Plant-based pasta primavera packed with crisp sautéed spring veggies served over tender butternut squash noodles. Perfect for lightened up pasta night.


  • 1 package Cece’s Veggie Noodle Co. Butternut Spirals (or sub your favorite veggie noodle of choice)
  • 23 tsp avocado oil
  • 1/2 tsp garlic powder
  • 1 cup green peas (frozen or fresh)
  • 1 leek, yellow and white part only, chopped into 1/2” rounds
  • 1 bunch asparagus, woody ends removed and roughly chopped
  • handful of sundried tomatoes, chopped (oil-free preferred)
  • Himalayan sea salt
  • Black pepper
  • 1/2 cup coconut milk lite
  • big squeeze of lemon
  • handful of fresh basil


  1. First, wash and dice your veggies, making sure to rinse the leeks well (they can be very dirty!).

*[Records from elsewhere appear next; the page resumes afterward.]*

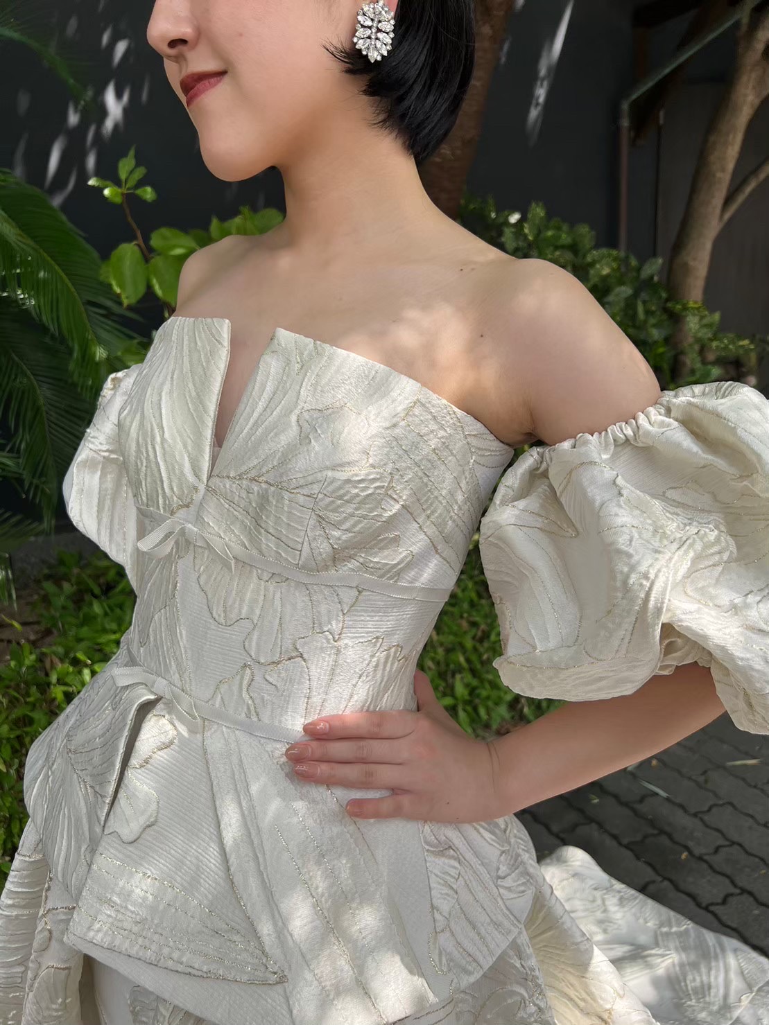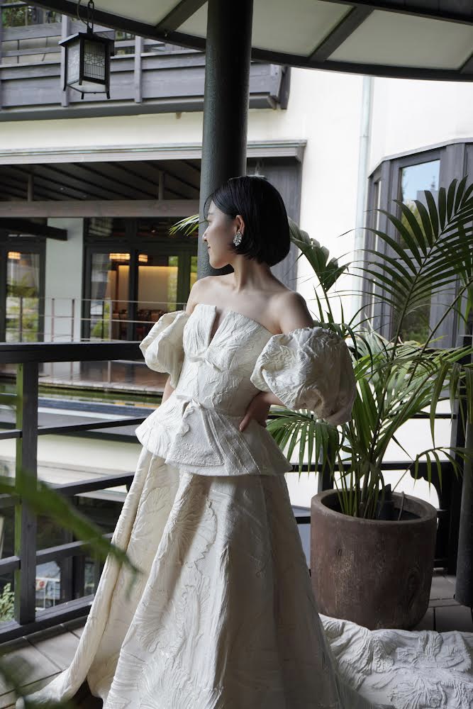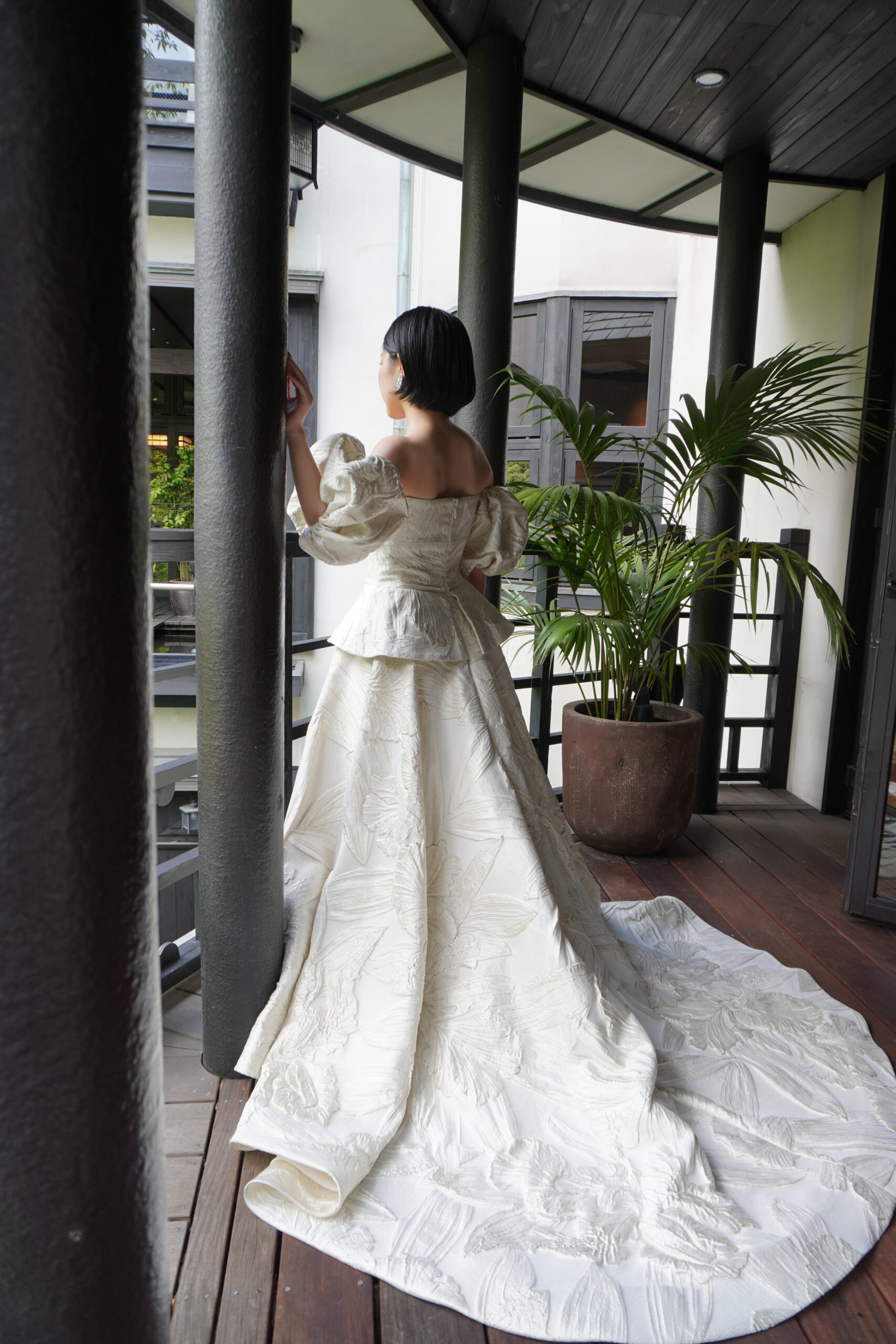 全体に金糸を織り込みながら仕立てられたジャガード生地は上質な素材を使用しているからこそ、その重厚感や華やかさに思わずため息が出る1着です。鮮やかな自然の緑と、開放的な窓からたっぷりと射し込む太陽の光を浴びた時には花嫁を幻想的に魅せてくれ、また日の暮れた落ち着いたムードあるライトに照らされた際にはモードで大人な印象に。お召しになる空気感によって、まったく異なる表情を見せてくれるのもこのウェディングドレスの魅力です。女性の曲線美を最大限に引き出す一連のシルエットはアートの様な美しさ。エフォートレスでエキゾチックなデザインに加え、ペプラムのしなやかなカッティングが胸元のリボンを華奢に見せ、花嫁の愛らしさを感じさせます。上質でありながらもリラックス感のある、ザ カワブン ナゴヤのように自然な緑が広がる開放的な披露宴会場や、あたたかみのあるアットホームなパーティーにもおすすめです。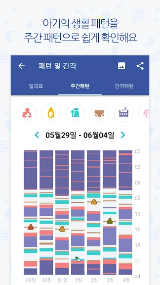 피요는 한 손으로 조작하기 용이하게 설계되어 있어 수유 중에도 편리하게 사용할 수 있습니다. 타임 바 기능으로 일자별 육아 일기를 한눈에 확인할 수 있으며, 주 단위로 그래프를 통해 아기의 상태 변화를 쉽게 분석할 수 있습니다. 다음 수유 시간을 미리 알려주는 기능 덕분에 수유를 놓치는 일도 없겠죠.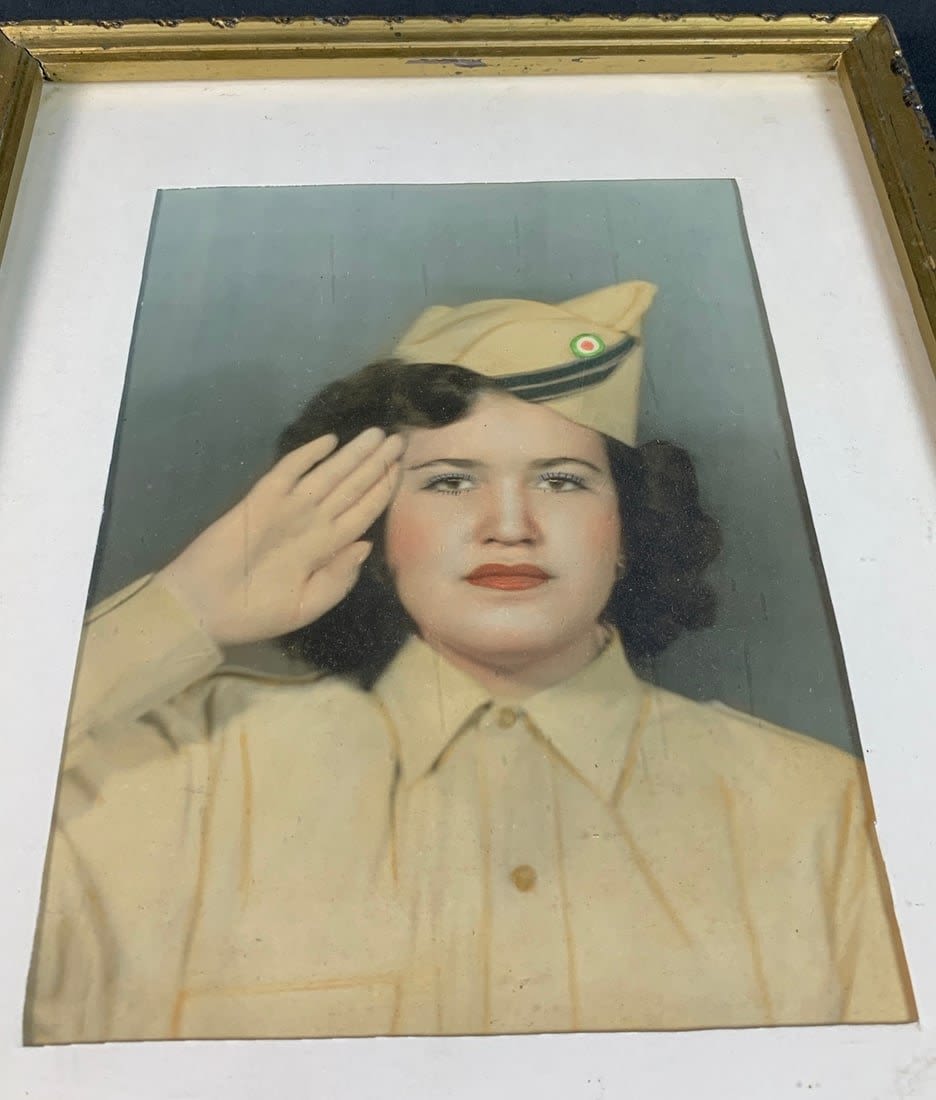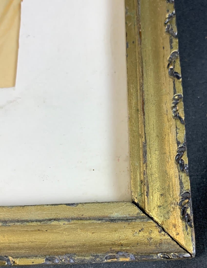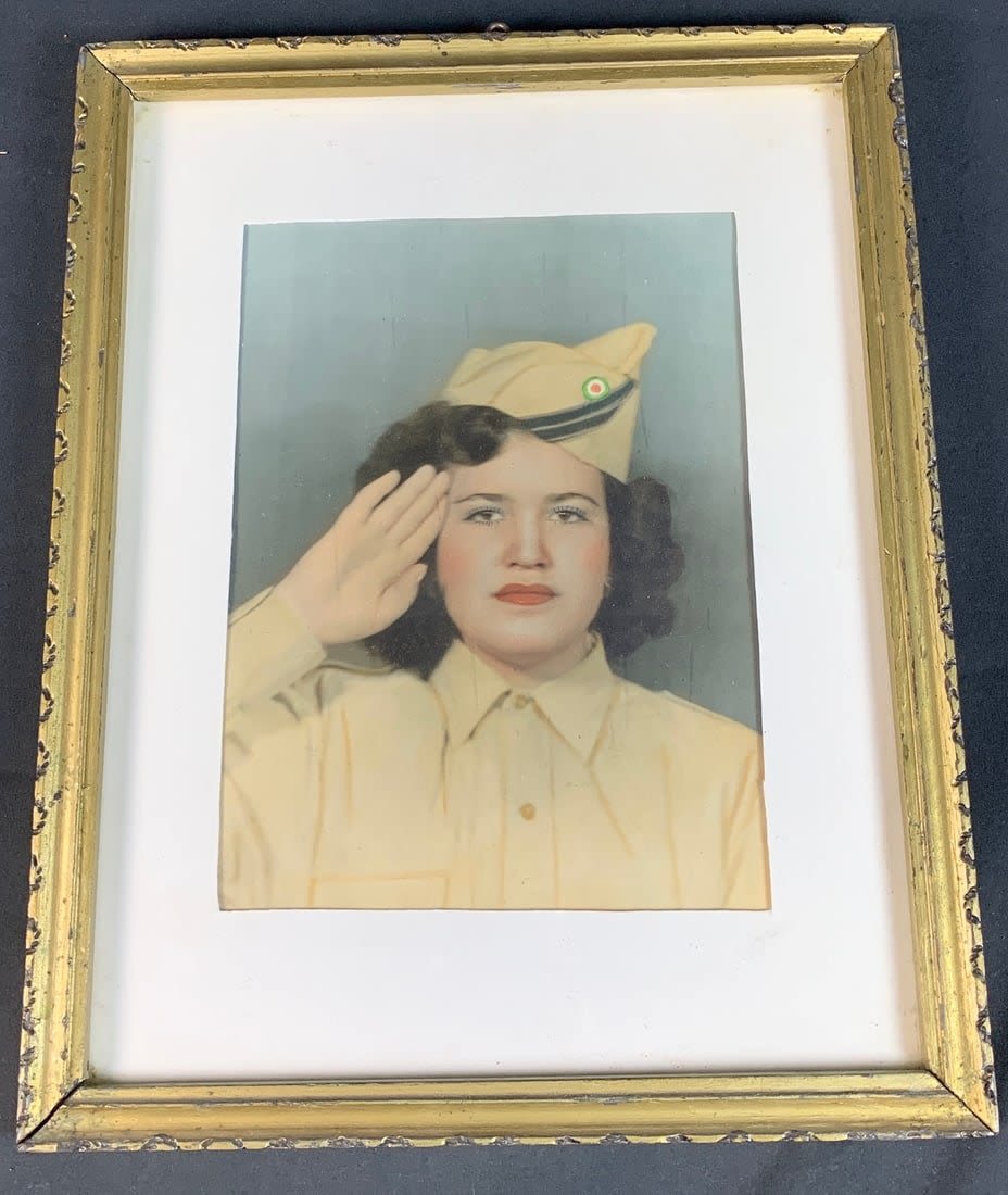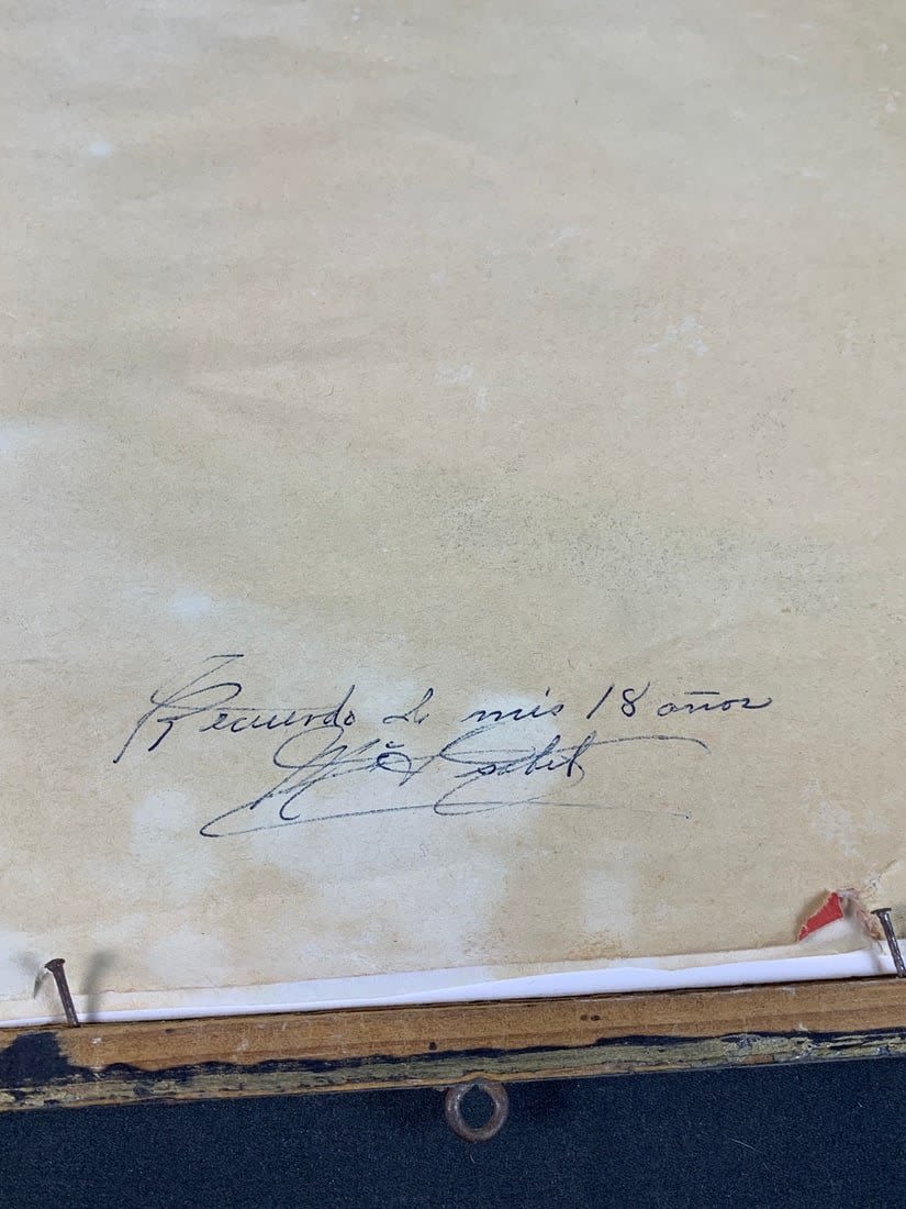 Please note back is not fully attached on frame and can be removed. Photo is named on back. 11"x 13" with frame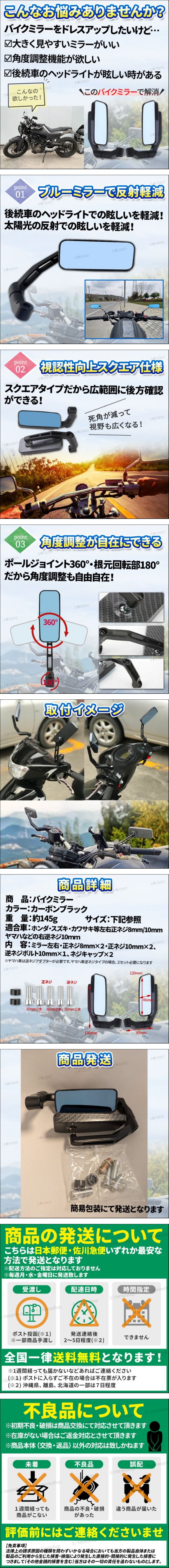 バイクミラー バックミラー 汎用 左右セット カーボン スクエア ブルーレンズ 8mm 10mm オートバイ 原付 ヤマハ スズキ ホンダ 汎用 ② [浏览原始页面]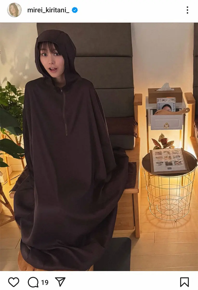 桐谷は全身を覆ったフード付きのマント姿でよもぎ蒸しをしている姿を投稿し「初めてよもぎに蒸されてみたよ」とつづった。

  2. Add the avocado oil (or veggie broth if avoiding oil) to a large skillet or wok, and preheat over medium heat. Once the oil is warm, add the sliced leek, asparagus, sun-dried tomato, and garlic powder and sauté for 3-4 minutes, until soft and translucent. Season it with a bit of Himalayan sea salt and black pepper.
  3. Add the butternut squash noodles, coconut milk, and green peas and cover and cook until heated, about 4-6 minutes, stirring several times, until the butternut squash noodles are tender.
  4. Uncover the mixture and add a big squeeze of lemon before serving.
  5. To serve, divide mixture between plates and top with fresh basil. Enjoy immediately.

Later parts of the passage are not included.